Mattiel is an Atlanta-based band fronted by Mattiel Brown and produced by Jonah Swilley. They have released three albums, Mattiel in 2017, Satis Factory in 2019 and Georgia Gothic in March 2022, alongside two EPs: Double Cover (2020) and Those Words (2021). All releases came out on the British record label Heavenly Recordings in the UK and Europe and on ATO Records for the US (except for Mattiel, which was released by Burger Records in the US).

The band has been championed by Jack White, who took them out on arena shows around the US. Rolling Stone compared Brown’s “gorgeously yearning, full-voiced alto range” to Nico, while NPR wrote: “There's something delightfully unique about Mattiel's music. A pinch of garage rock, a touch of psychedelia, some galloping honky-tonk and at the lead, Mattiel Brown's powerful and assertive vocals.”

Sophomore album Satis Factory received four-star reviews from The Guardian, Q, Mojo, DIY, Uncut, and The Times, and was named Album of the Weekend by BBC Radio 1 Hype Chart and A-listed as Album of the Day on BBC Radio 6 Music. Mattiel were also listed as WXPN Artist of the Month.

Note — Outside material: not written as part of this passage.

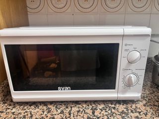 Microondas de la marca Svan en perfecto estado, casi nuevo. - Color blanco. - Puerta abatible. - Plato giratorio interior. - Opción de descongelado. Debe venir a Córdoba a recogerlo.

In addition, Mattiel have also performed on Later... with Jools Holland and Last Call with Carson Daly, and featured in The BBC Proms at the Royal Albert Hall, London. Most of their performances are posted on their YouTube channel, as well as their southern gothic style music videos, the newest of which for the song Blood in the Yolk was inspired by 1970s middle eastern gothic styles.

Discography

Studio albums 
 Mattiel (2017)
 Satis Factory (2019)
 Georgia Gothic (2022)

Extended plays 
 Double Cover (2020)
 Those Words (2021)

References 

American women singer-songwriters
Heavenly Recordings artists
ATO Records artists
Singer-songwriters from Georgia (U.S. state)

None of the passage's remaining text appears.